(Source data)
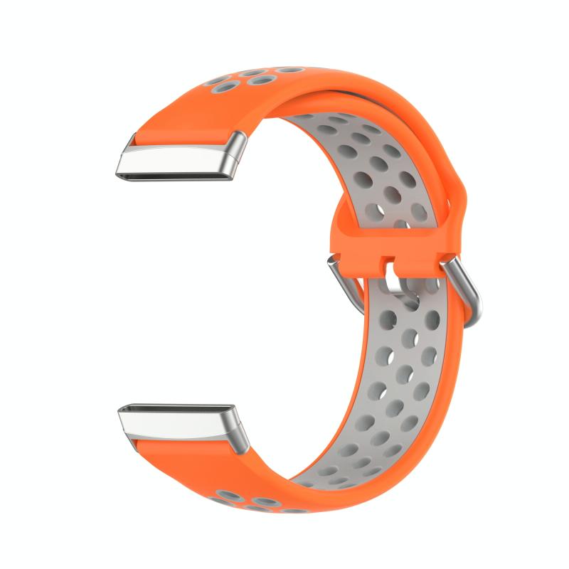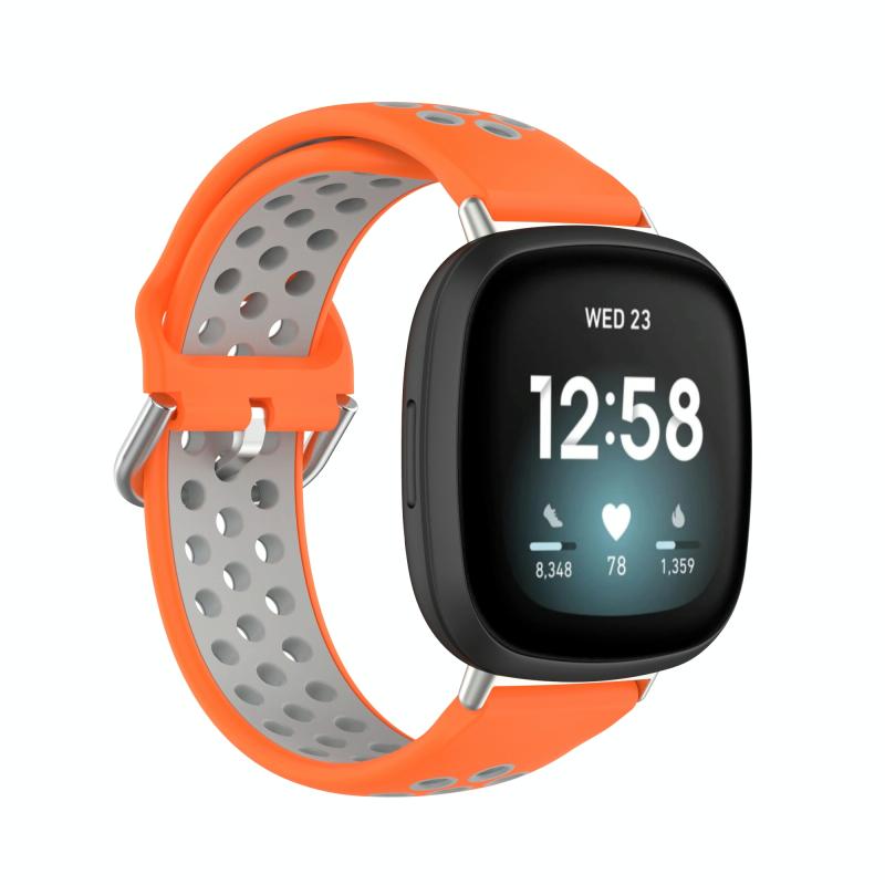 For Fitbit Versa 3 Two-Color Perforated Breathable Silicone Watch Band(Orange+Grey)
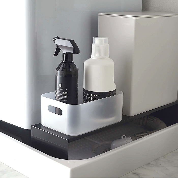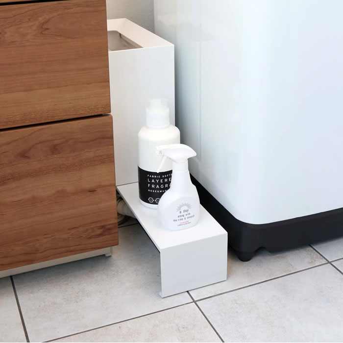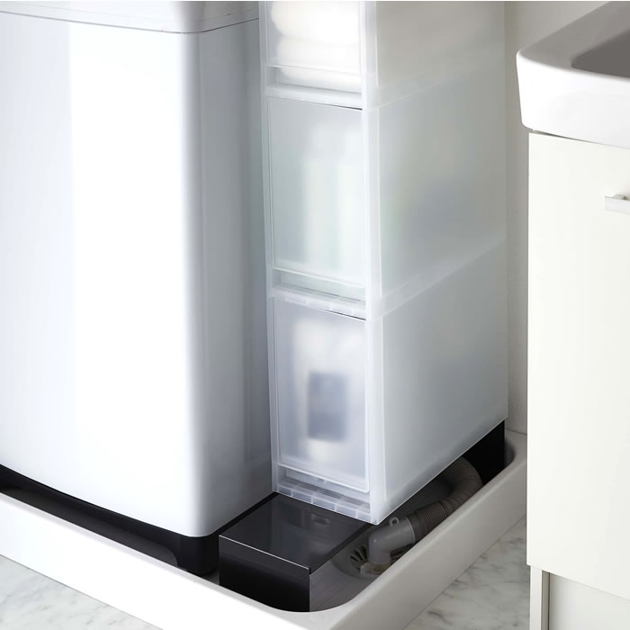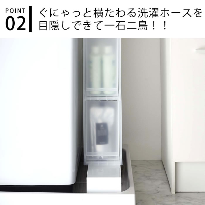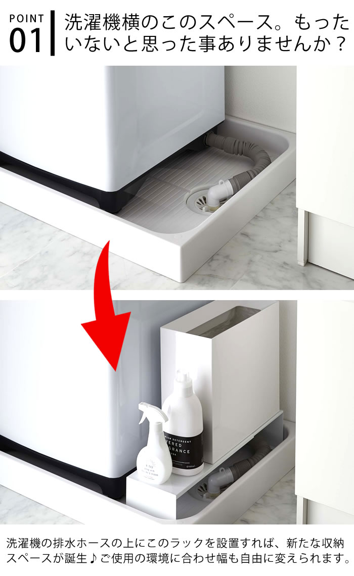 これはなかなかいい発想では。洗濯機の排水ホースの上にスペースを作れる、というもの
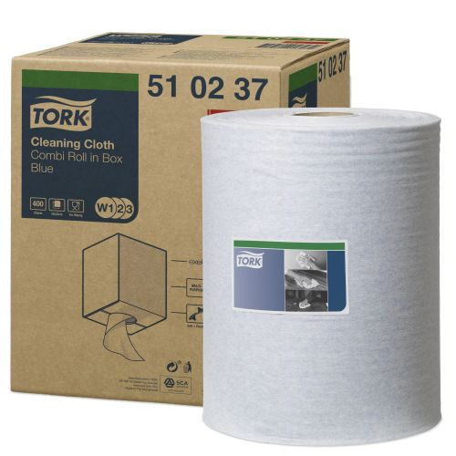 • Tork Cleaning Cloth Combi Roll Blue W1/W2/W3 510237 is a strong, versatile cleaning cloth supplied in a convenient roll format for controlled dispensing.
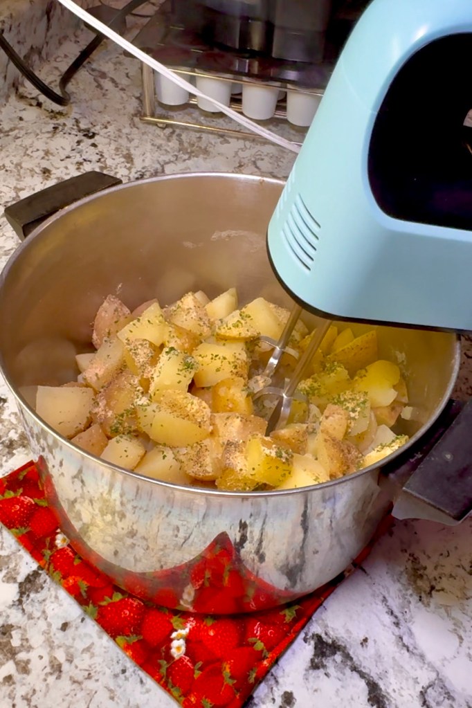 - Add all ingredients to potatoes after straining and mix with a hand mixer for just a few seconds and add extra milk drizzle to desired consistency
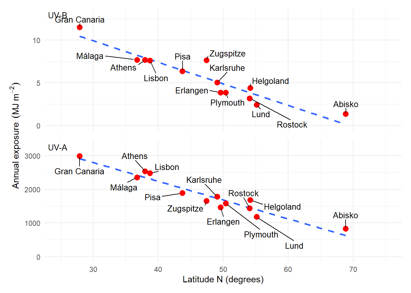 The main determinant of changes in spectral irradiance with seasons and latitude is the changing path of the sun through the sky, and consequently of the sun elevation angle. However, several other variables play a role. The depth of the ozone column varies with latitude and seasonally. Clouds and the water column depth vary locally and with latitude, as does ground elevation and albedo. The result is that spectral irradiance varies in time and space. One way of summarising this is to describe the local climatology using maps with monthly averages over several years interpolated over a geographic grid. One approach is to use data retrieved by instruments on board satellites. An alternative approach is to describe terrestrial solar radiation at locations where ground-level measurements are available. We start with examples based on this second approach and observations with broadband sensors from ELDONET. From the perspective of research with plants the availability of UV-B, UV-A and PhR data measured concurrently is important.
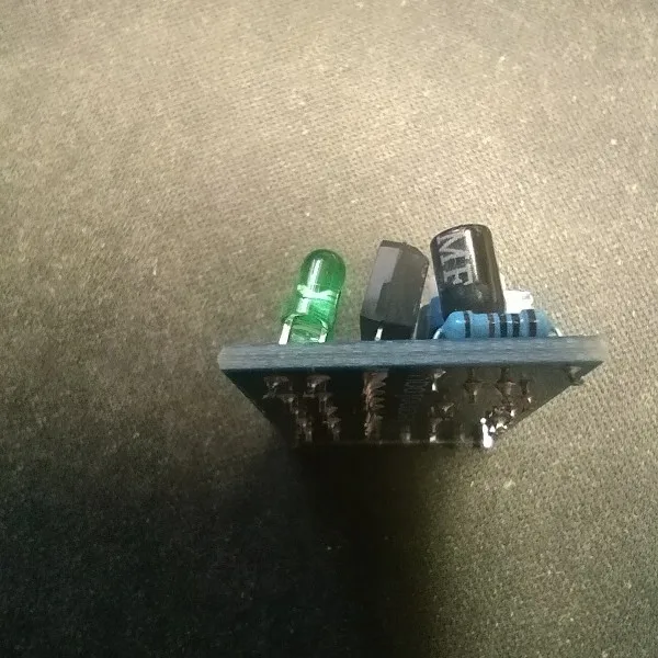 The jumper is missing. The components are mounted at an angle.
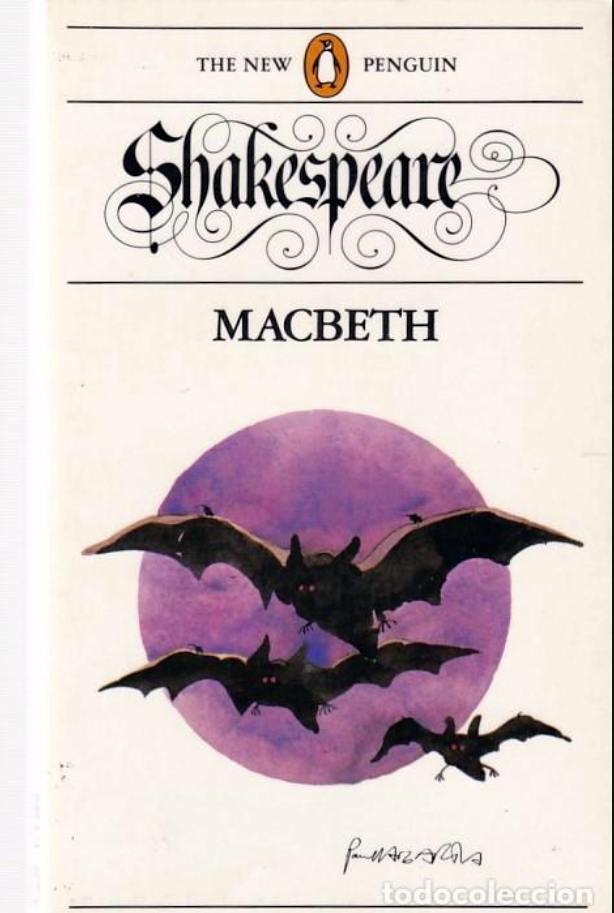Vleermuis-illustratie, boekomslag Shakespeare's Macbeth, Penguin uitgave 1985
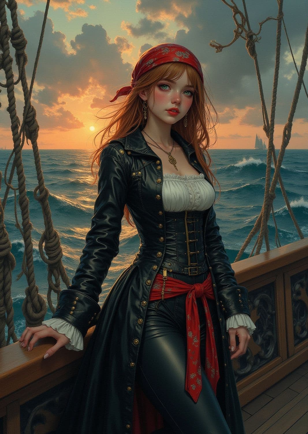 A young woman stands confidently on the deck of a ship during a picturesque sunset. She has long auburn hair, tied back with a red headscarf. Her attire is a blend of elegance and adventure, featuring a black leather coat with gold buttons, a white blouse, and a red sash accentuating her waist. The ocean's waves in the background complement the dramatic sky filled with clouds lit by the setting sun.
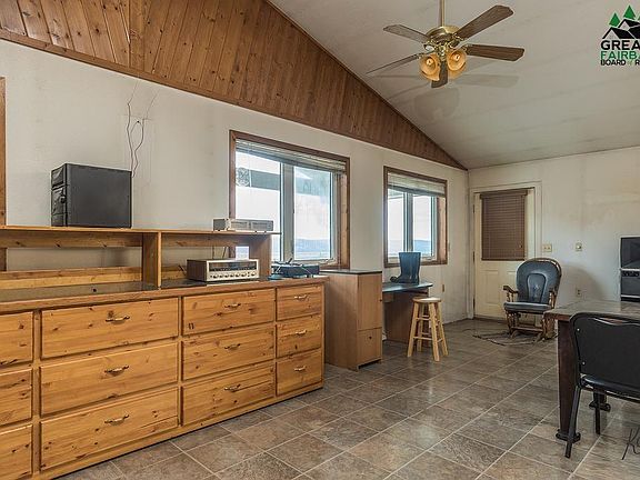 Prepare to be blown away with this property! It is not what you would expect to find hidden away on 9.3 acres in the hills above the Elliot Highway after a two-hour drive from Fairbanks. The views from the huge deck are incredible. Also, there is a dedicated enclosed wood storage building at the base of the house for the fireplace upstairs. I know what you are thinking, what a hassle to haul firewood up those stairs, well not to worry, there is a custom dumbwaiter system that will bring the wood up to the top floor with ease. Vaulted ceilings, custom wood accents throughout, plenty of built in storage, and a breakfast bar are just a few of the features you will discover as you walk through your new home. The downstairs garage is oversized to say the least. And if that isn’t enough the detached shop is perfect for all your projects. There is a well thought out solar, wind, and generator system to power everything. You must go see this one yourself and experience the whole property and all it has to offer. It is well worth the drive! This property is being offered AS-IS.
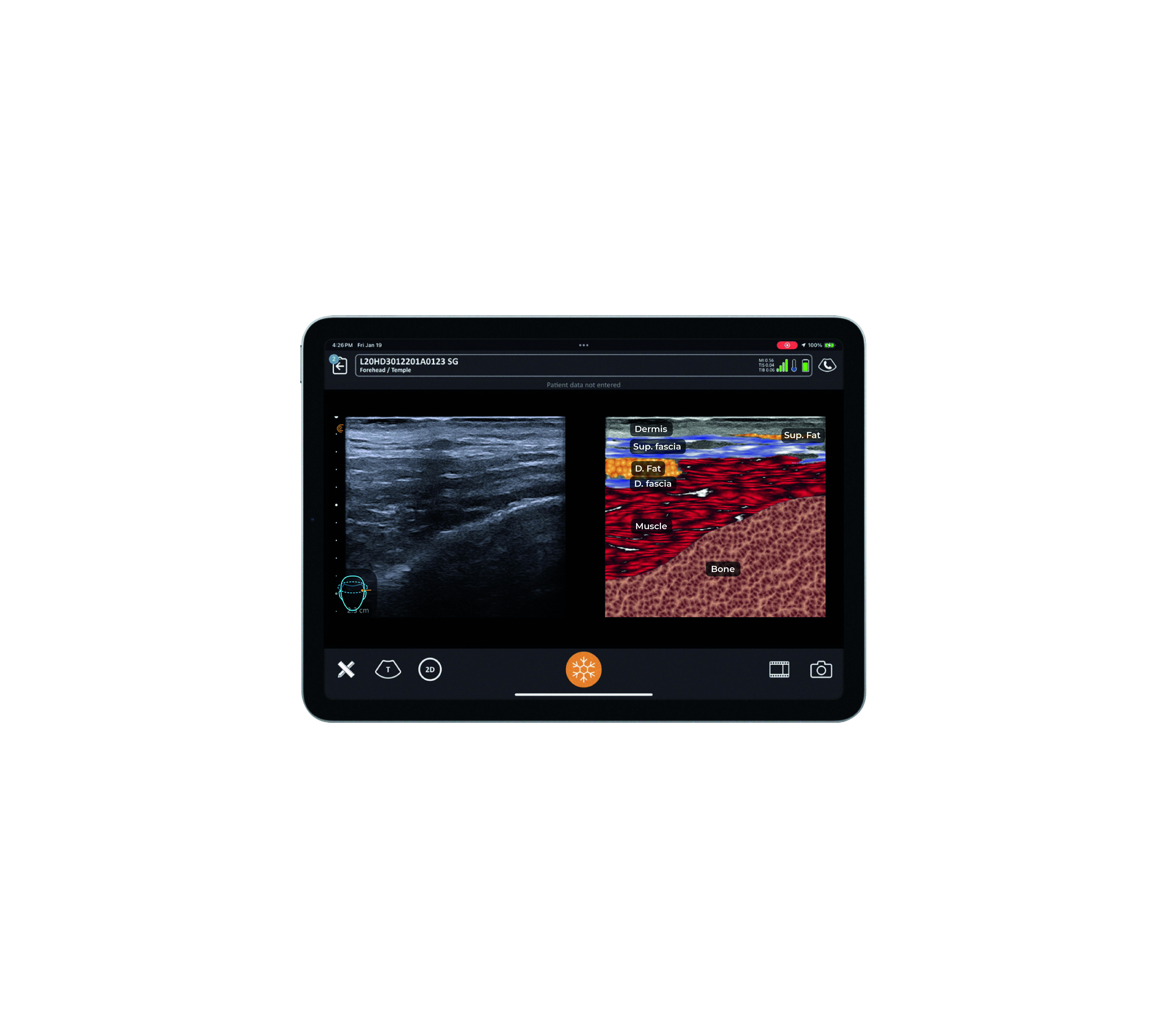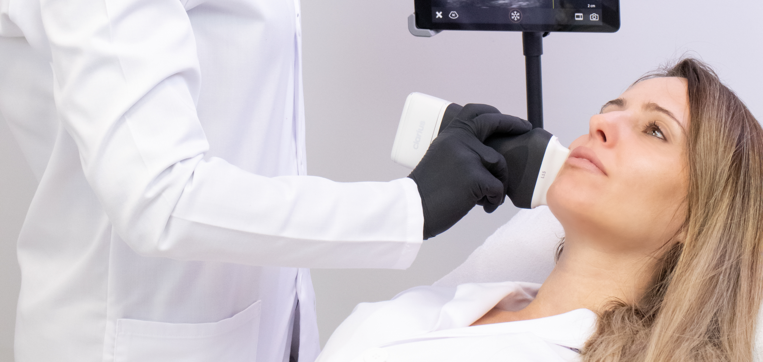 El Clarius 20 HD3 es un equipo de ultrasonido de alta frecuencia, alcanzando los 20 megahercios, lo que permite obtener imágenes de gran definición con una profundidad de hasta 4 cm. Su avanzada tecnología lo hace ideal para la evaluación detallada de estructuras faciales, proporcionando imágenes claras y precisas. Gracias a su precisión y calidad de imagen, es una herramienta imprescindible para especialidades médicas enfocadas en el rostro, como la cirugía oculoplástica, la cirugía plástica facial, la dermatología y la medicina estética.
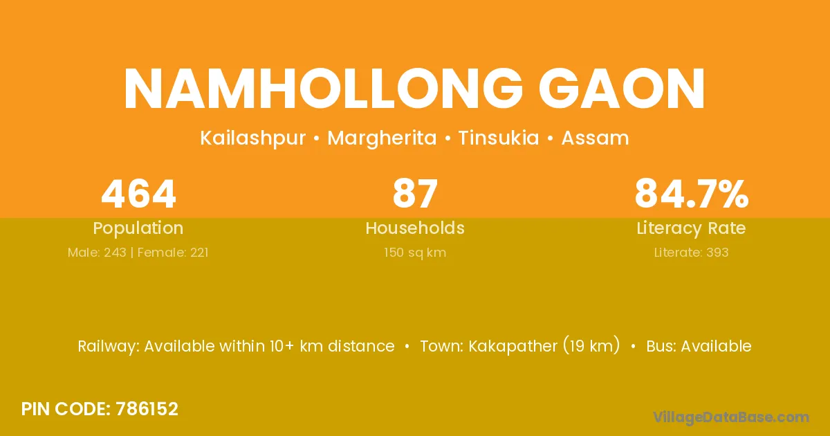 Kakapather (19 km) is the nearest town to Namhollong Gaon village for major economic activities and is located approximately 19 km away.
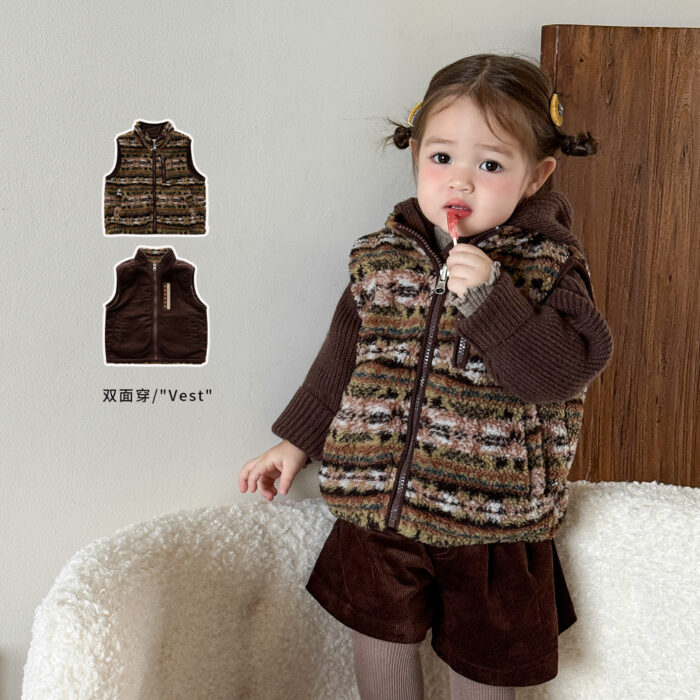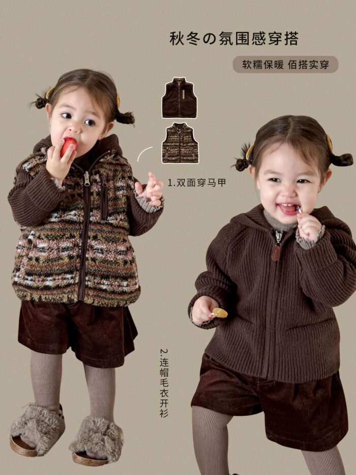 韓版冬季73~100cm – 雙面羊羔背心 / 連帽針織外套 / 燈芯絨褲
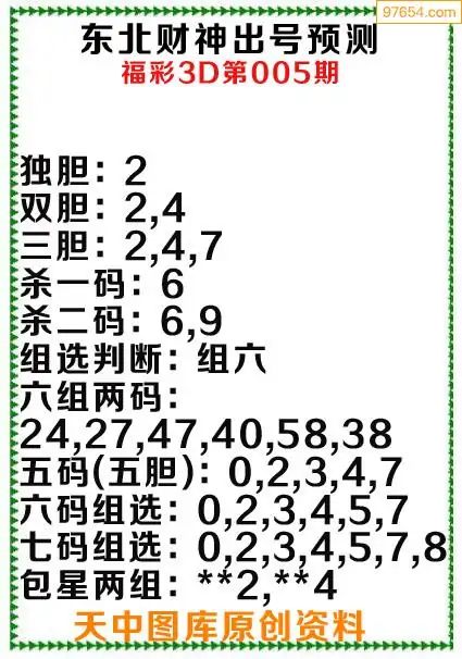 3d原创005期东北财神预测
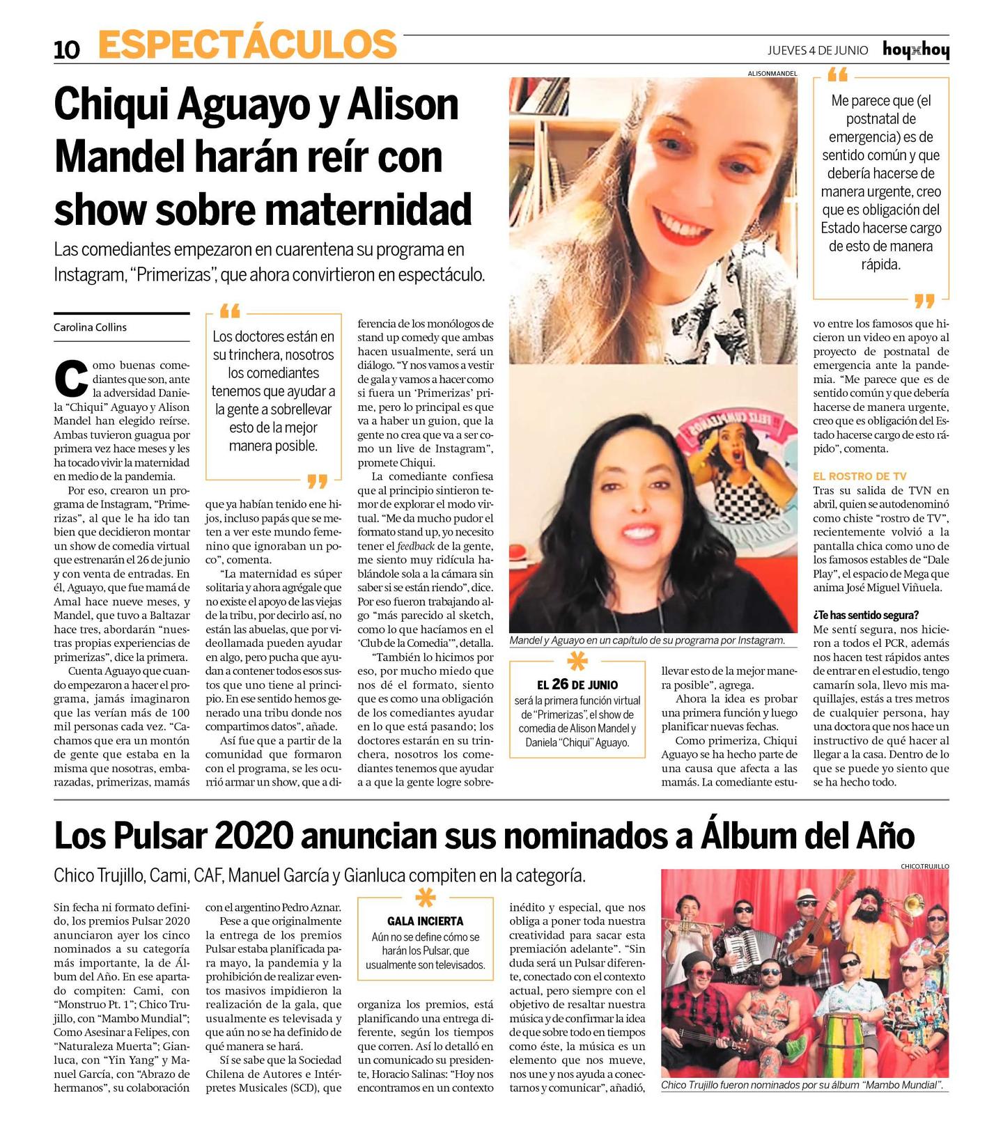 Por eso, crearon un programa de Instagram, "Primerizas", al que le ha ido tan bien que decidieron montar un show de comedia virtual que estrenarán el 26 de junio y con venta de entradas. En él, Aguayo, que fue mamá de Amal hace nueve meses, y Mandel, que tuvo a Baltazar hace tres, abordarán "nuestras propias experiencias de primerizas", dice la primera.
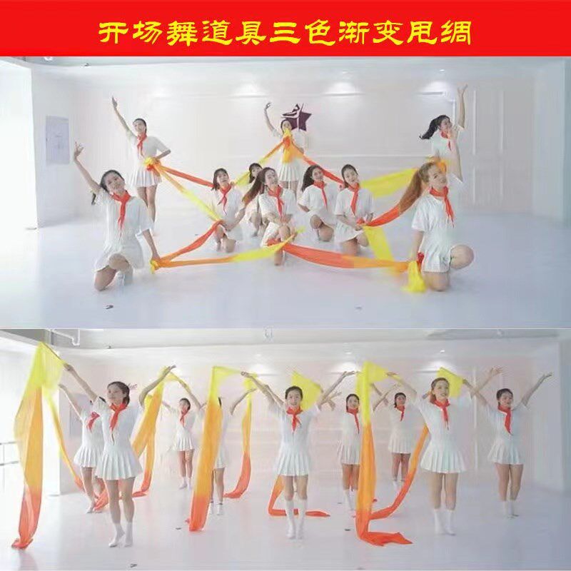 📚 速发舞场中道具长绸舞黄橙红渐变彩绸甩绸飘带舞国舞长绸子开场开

■ Your task: Every line from the one that contains "韓版冬季73~100cm – 雙面羊羔背心 / 連帽針織外套 / 燈芯絨褲" through the end of the records above is to be reproduced exactly; no picture goes in the copy.

■ Exercise response:
 韓版冬季73~100cm – 雙面羊羔背心 / 連帽針織外套 / 燈芯絨褲
 3d原创005期东北财神预测
 Por eso, crearon un programa de Instagram, "Primerizas", al que le ha ido tan bien que decidieron montar un show de comedia virtual que estrenarán el 26 de junio y con venta de entradas. En él, Aguayo, que fue mamá de Amal hace nueve meses, y Mandel, que tuvo a Baltazar hace tres, abordarán "nuestras propias experiencias de primerizas", dice la primera.
 📚 速发舞场中道具长绸舞黄橙红渐变彩绸甩绸飘带舞国舞长绸子开场开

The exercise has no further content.